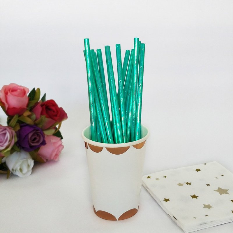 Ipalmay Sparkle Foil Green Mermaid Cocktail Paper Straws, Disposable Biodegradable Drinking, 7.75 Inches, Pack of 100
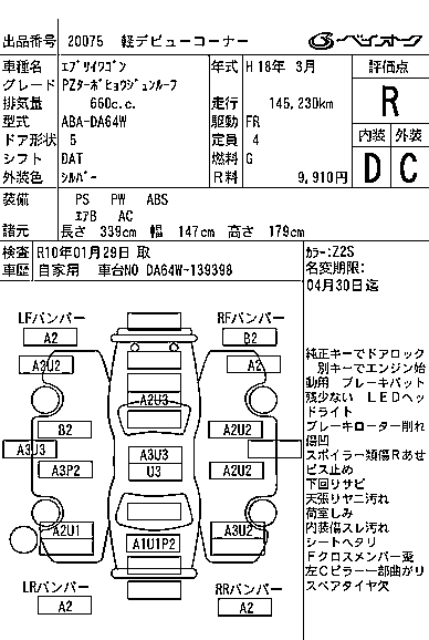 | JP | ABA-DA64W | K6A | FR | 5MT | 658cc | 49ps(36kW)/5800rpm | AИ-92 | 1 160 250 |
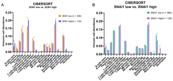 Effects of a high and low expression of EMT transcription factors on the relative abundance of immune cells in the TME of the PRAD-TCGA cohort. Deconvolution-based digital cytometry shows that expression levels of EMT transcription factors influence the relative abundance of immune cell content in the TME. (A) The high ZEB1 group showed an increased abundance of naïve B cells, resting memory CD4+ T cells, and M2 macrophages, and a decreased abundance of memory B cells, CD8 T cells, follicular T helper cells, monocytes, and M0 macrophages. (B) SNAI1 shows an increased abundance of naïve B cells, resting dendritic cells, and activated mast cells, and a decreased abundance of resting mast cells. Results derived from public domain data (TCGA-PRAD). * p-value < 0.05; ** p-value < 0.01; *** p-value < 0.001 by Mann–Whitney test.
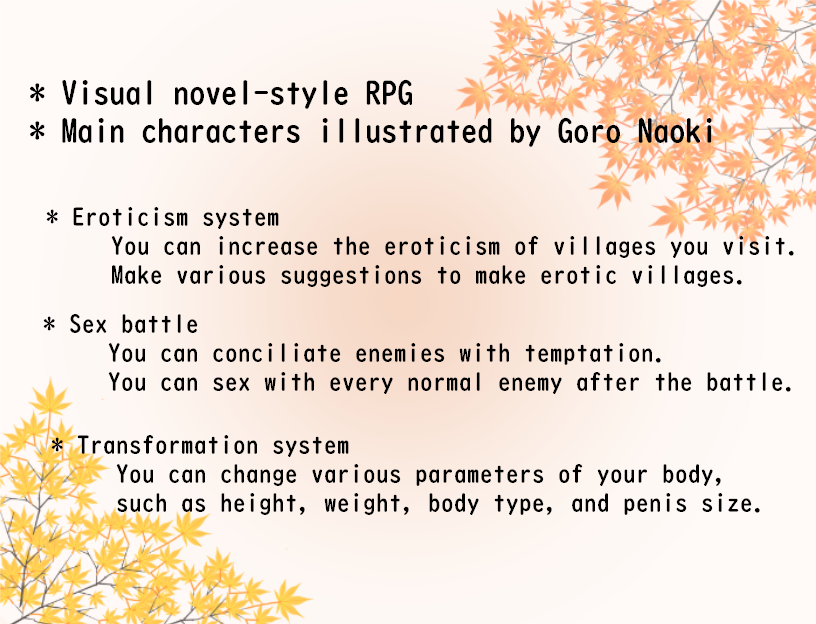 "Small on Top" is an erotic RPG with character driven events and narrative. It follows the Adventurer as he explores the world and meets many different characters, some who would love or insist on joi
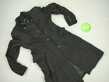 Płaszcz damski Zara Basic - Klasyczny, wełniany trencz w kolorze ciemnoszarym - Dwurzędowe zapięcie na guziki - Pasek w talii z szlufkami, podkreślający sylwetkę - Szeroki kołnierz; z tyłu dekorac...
********
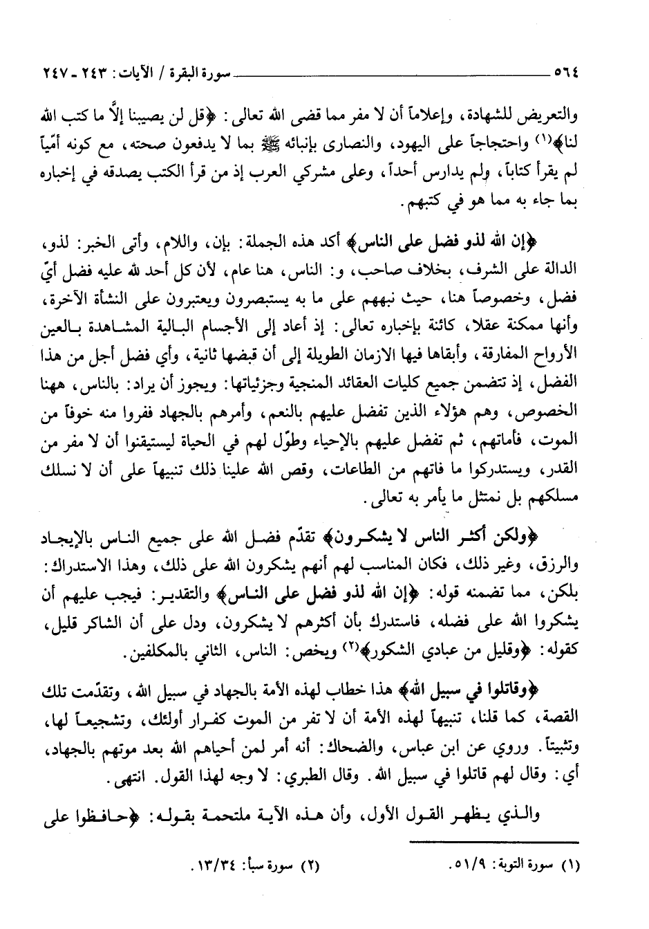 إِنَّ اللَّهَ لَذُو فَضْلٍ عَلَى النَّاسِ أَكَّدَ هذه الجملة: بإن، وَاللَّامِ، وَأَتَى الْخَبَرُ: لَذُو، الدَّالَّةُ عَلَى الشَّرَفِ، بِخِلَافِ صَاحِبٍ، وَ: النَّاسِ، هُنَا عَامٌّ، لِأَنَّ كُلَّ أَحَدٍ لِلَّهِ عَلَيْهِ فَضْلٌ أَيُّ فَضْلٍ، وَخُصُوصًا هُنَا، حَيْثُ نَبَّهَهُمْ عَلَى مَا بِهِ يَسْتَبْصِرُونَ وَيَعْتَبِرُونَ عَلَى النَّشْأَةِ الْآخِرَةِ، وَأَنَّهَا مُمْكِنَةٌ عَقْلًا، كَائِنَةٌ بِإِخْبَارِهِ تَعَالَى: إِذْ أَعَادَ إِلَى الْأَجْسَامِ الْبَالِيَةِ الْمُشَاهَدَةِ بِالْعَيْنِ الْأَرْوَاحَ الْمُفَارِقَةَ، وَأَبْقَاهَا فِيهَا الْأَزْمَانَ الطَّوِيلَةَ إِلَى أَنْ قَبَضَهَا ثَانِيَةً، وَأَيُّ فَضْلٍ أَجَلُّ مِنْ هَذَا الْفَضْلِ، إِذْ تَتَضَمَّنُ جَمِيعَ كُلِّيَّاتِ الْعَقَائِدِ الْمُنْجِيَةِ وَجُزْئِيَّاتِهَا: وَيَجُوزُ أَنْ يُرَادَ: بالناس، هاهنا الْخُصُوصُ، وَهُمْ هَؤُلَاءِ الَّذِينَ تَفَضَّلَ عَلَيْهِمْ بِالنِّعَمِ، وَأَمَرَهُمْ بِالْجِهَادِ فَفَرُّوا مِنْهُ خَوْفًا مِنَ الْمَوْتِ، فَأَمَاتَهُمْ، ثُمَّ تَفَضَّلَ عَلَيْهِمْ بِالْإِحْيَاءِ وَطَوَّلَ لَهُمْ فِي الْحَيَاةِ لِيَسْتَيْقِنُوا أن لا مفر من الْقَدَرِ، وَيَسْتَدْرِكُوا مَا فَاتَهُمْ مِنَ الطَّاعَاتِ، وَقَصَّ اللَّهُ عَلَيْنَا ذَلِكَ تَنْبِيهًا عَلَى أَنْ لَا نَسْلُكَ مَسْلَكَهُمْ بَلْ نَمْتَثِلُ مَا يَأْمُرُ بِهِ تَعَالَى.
********
# WORK TO COMPLETE:
Pictures are to be left out. Write out only the lines above starting at the one with "Ipalmay Sparkle Foil" and ending at the one with "Effects of a", both lines included, exactly.

# RESPONSE:
 Ipalmay Sparkle Foil Green Mermaid Cocktail Paper Straws, Disposable Biodegradable Drinking, 7.75 Inches, Pack of 100
 | JP | ABA-DA64W | K6A | FR | 5MT | 658cc | 49ps(36kW)/5800rpm | AИ-92 | 1 160 250 |
 Effects of a high and low expression of EMT transcription factors on the relative abundance of immune cells in the TME of the PRAD-TCGA cohort. Deconvolution-based digital cytometry shows that expression levels of EMT transcription factors influence the relative abundance of immune cell content in the TME. (A) The high ZEB1 group showed an increased abundance of naïve B cells, resting memory CD4+ T cells, and M2 macrophages, and a decreased abundance of memory B cells, CD8 T cells, follicular T helper cells, monocytes, and M0 macrophages. (B) SNAI1 shows an increased abundance of naïve B cells, resting dendritic cells, and activated mast cells, and a decreased abundance of resting mast cells. Results derived from public domain data (TCGA-PRAD). * p-value < 0.05; ** p-value < 0.01; *** p-value < 0.001 by Mann–Whitney test.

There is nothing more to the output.